Rewrite $(1)$ and $(2)$.
$$x^2 + m^2x^2 = 13 \tag{1.1}$$
$$x^2 - 3mx^2 + 2m^2x^2 \tag{2.1}$$
Factorise the above equations.
$$x^2(m^2 + 1) = 13 \tag{1.2}$$
$$x^2(2m^2 - 3m + 1) = 35 \tag{2.2}$$
Divide $(1.2)$ by $(2.2)$ $$\frac{x^2(m^2 + 1)}{x^2(2m^2 - 3m + 1)} = \frac{13}{35}$$ $$\frac{(m^2 + 1)}{(2m^2 - 3m + 1)} = \frac{13}{35}$$
Cross multiply. $$35(m^2 + 1) = 13(2m^2 - 3m + 1)$$ $$35m^2 + 35 = 26m^2 - 39m + 13$$ $$9m^2 + 39m + 22 = 0$$ $$9m^2 + 18m + 11m + 22 = 0$$ $$9m(m + 2) +11(m + 2) = 0$$ $$(9m + 11)(m + 2) = 0$$ $$ m = -2 \text{ or } m = \frac{-11}{9}$$
When $m = -2$ Substitute $m = -2$ into $1.2$ $$x^2(4 + 1) = 13$$ $$5x^2 = 13$$ $$x^2 = \frac{13}{5}$$ $$x = \sqrt{\frac{13}{5}}$$ $$y = -2\sqrt{\frac{13}{5}}$$
When $m = -\frac{11}{9}$ Substitute $m = -\frac{11}{9}$ into $1.2$ $$x^2(\frac{121}{81} + 1) = 13$$ $$x^2(\frac{202}{81}) = 13$$ $$x^2 = \frac{13 * 81}{202} = \frac{1053}{202}$$ $$x = 2.283717322$$ $$y = \frac{-11}{9} * 2.283717322 = -2.790542727$$.

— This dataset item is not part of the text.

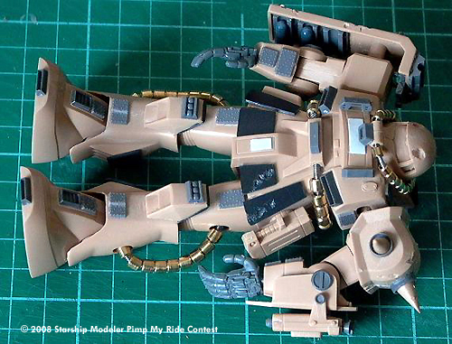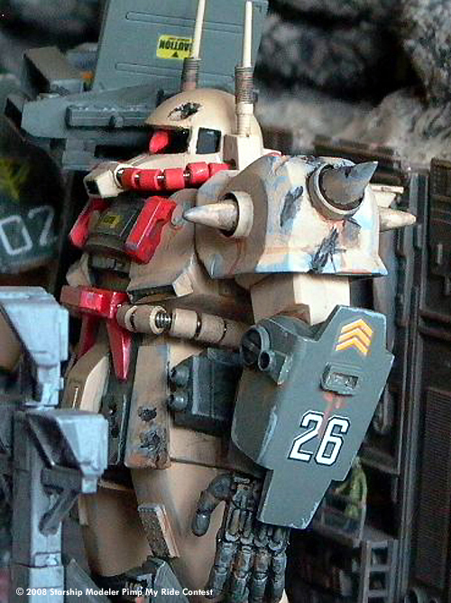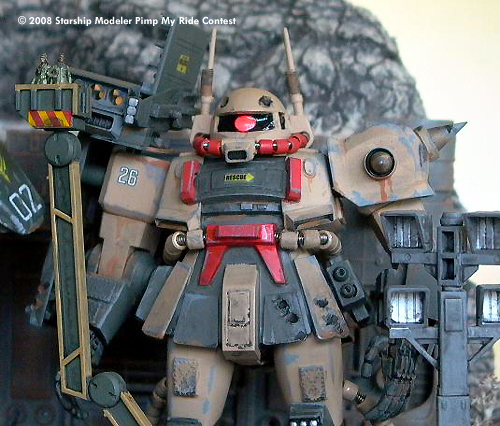 Desert Zaku MK-2 Custom Special: External Propellant Tanks, Super-Cooler for Fusion Hover-System, Armor Pipes for Booster, Dust-Filter System, Cluster-Grenade Launcherx16, Anti-Air Missile x 2, 120mm Vulcan Machine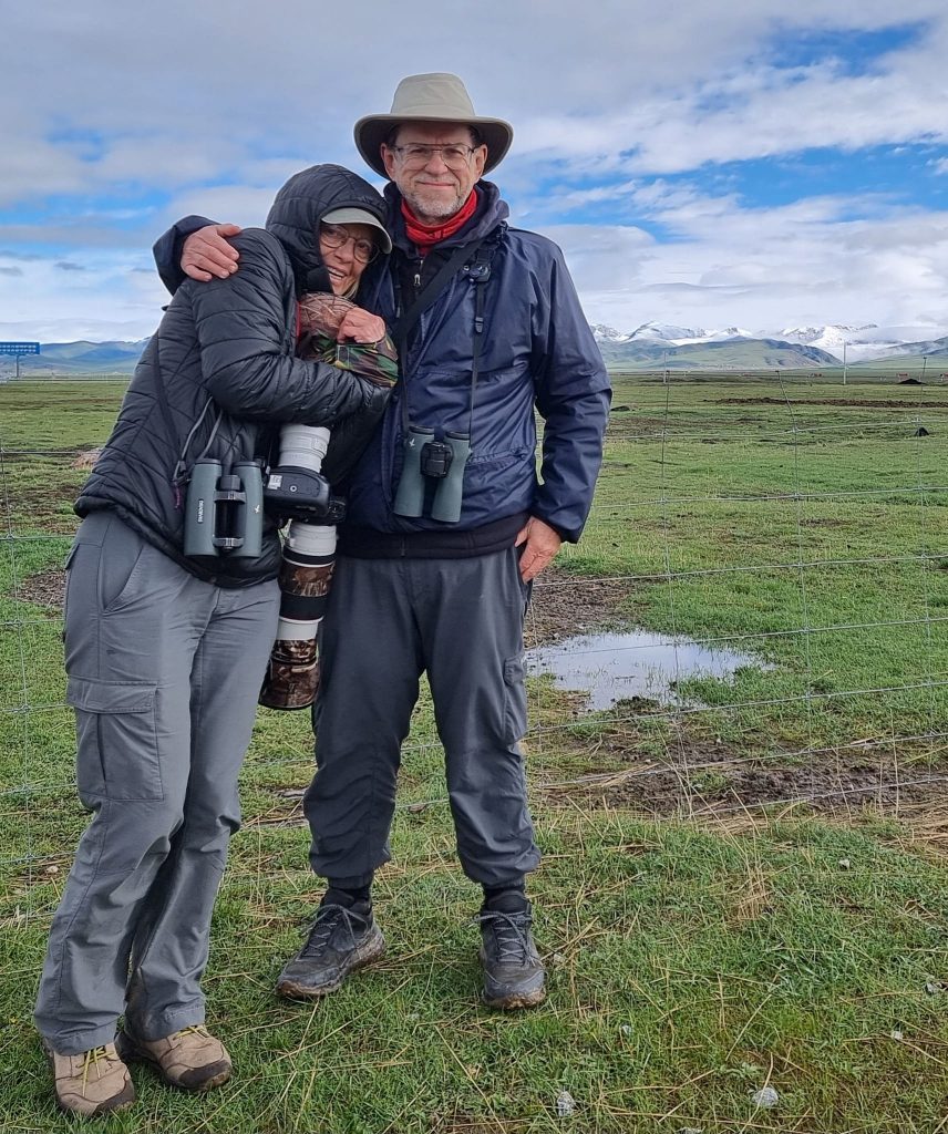 Μόλις φωτογραφίσαμε το 1500ό πουλί για φέτος και το γιορτάζουμε με μια αναμνηστική φωτο, μπροστά στα χιονισμένα βουνά του Θιβέτ.

However, when I plug my values for $x$ and $y$ back into $(1)$ and $(2)$, I get $13$ and $39.9$ respectively.
No matter how many times I go over the equation, I just can't solve it satisfactorily, such that when I plug the values back into the equations, I get $13$ and $35$.
What mistakes did I make, and please write out the correct solution.